Still, last fall, for the first time in more than a decade, the enrollment of new international students declined.
The president and his policies are not, of course, the only reasons the United States is losing market share. Competition is on the rise from other countries, especially Canada, and the quality of education in many of the nations that have traditionally sent large numbers of students is improving. But the court’s ratification of the travel ban could make international recruitment that much more difficult, said Patti McGill Peterson, a senior fellow at the American Council on Education.
“It’s one thing to run a race,” Peterson said, “but you don’t want to run that race with two sandbags at your ankles.”
Colleges, individually and as part of a nationwide campaign dubbed #YouAreWelcomeHere, have attempted to counter messages sent by the travel ban and other policies by emphasizing that campuses remain safe and open.
Sandberg, who has spearheaded #YouAreWelcomeHere, notes that 100 colleges signed up for a webinar last week on starting a scholarship program for international students.
Such efforts, which present higher education as a welcoming island in the midst of choppy seas, are typically led by colleges’ international or admissions offices. And they are aimed at a specific constituency, international students and their parents, half a world away. But what about closer to home?
De Wit, who is originally from the Netherlands, said he had noticed a lack of sustained, organized protest against the travel ban or other administrative policies that affect higher education, either at the institutional level or by students. That struck him, as a European, as surprising.
More recently, however, college leaders have begun to mobilize. Last November a group of college presidents formed the Presidents’ Alliance on Higher Education and Immigration, an organization meant to stimulate sustained advocacy on issues like the travel ban and protections for Dreamers, young people brought illegally to the United States as children and now fearing deportation.
Higher-education leaders are obliged to speak up in defense of their values no matter who is in the White House, said Botstein, the Bard president.
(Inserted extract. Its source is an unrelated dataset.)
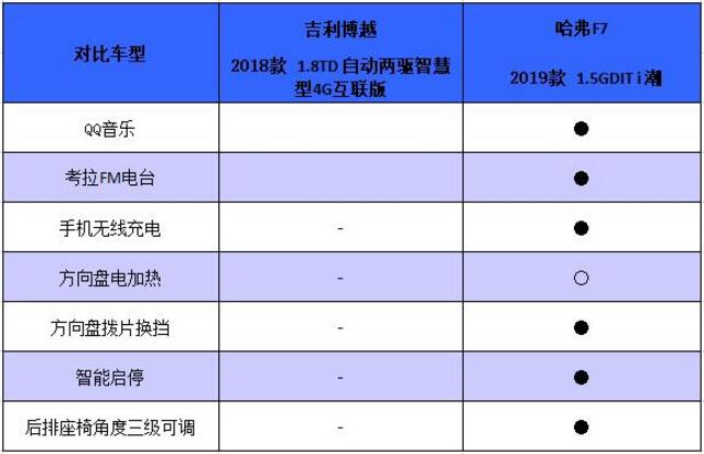 哈弗F7 2019款 1.5GDIT i 潮和吉利博越2018款 1.8TD 自動兩驅智慧型4G互聯版在AI智能網聯方面都不相上下,都可以通過語音控制車上的空調、導航、車窗等功能。但哈弗F7 2019款 1.5GDIT i 潮不僅引入了擁有2000萬首歌曲版權的QQ音樂和10萬檔考拉FM電臺節目,其搭載的超級互聯系統,僅需一個APP即可成為專屬全時私人助理,用車、維修、保養全不費心。相比吉利博越2018款 1.8TD 自動兩驅智慧型4G互聯版,哈弗F7 2019款 1.5GDIT i 潮還支持手機無線充電、方向盤撥片換擋、發動機智能啟停技術、后排座椅角度三級可調等實用的功能。

The travel ban has exposed a fault line between the principles espoused by academe — internationalism, engagement, inclusion — and those embraced by the president and his supporters.
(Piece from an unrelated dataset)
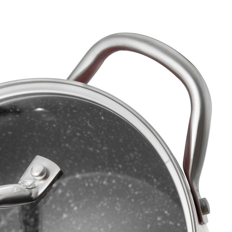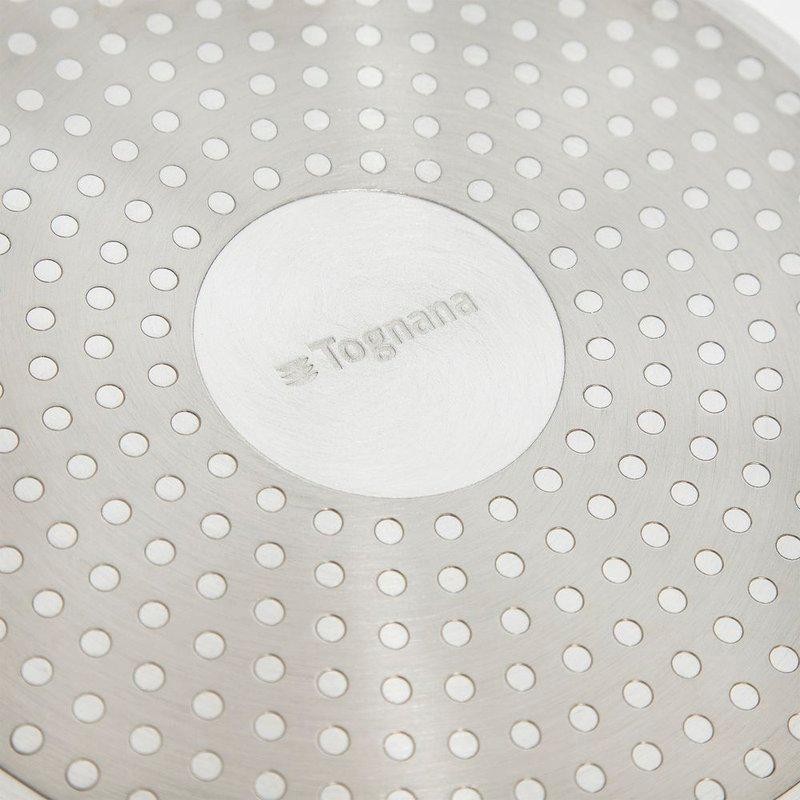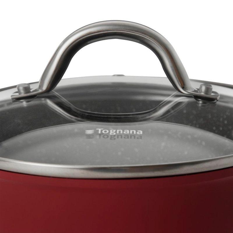 Sinônimo de praticidade para a cozinha, o Jogo de Panelas Steel Marble é composto por peças sólidas e duráveis que impressionam pela estrutura e acabamento. É produzido em alumínio forjado, que traz durabilidade, garantindo maior tempo de vida útil aos itens. A tampa em vidro borossilicato, conta com borda de acabamento em aço inoxidável assim como as alças laterais e cabo. Contém 1 panela com tampa 16cm - 1 L - Ø indução 16,5 cm 1 caçarola com tampa 20cm - 2,3 L - Ø indução 11,5 cm 1 caçarola com tampa 24cm - 5,5 L - Ø indução 14,5 cm 1 frigideira 24cm - 1,7 L - Ø indução 16 cm Características Espessura da panela: 3 mm Adequado para fogão: indução, gás, elétrico e vitrocerâmico O fogão por indução funciona através da indução de ondas eletromagnéticas. Seu funcionamento ideal depende da escolha de panelas adequadas. Para garantir a compatibilidade, é importante verificar qual o diâmetro mínimo indicado no manual do fogão. Cuidados Untar com um pouco de óleo antes de cozinhar Deixar de molho facilita a limpeza Não utilize produtos abrasivos Para conservar o tratamento antiaderente, manipule os alimentos com utensílios de madeira, nylon ou silicone Não vai ao forno Não vai à lava-louças A Tognana é uma empresa comprometida com padrões técnicos rigorosos, atendendo aos parâmetros específicos para processos e materiais adequados, além de utilizar tecnologias que garantem a conformidade com as normas de produção de alta qualidade. Com boas práticas que promovem a preservação ambiental e uma gestão transparente, a empresa valoriza o uso consciente de recursos, buscando gerar impacto positivo no meio ambiente e na comunidade. Camicado, casa com seu estilo!

“If the values of the body politic are out of sync with the values of the university,” Botstein said, “the university has to stand up for itself.”
Correction (6/27/2018, 12:38 p.m.): This article originally misreported the estimated impact of international students on the American economy. The students contributed $36.9 billion, not $2.4 billion, to the economy, according to Nafsa. The article has been updated to reflect this correction.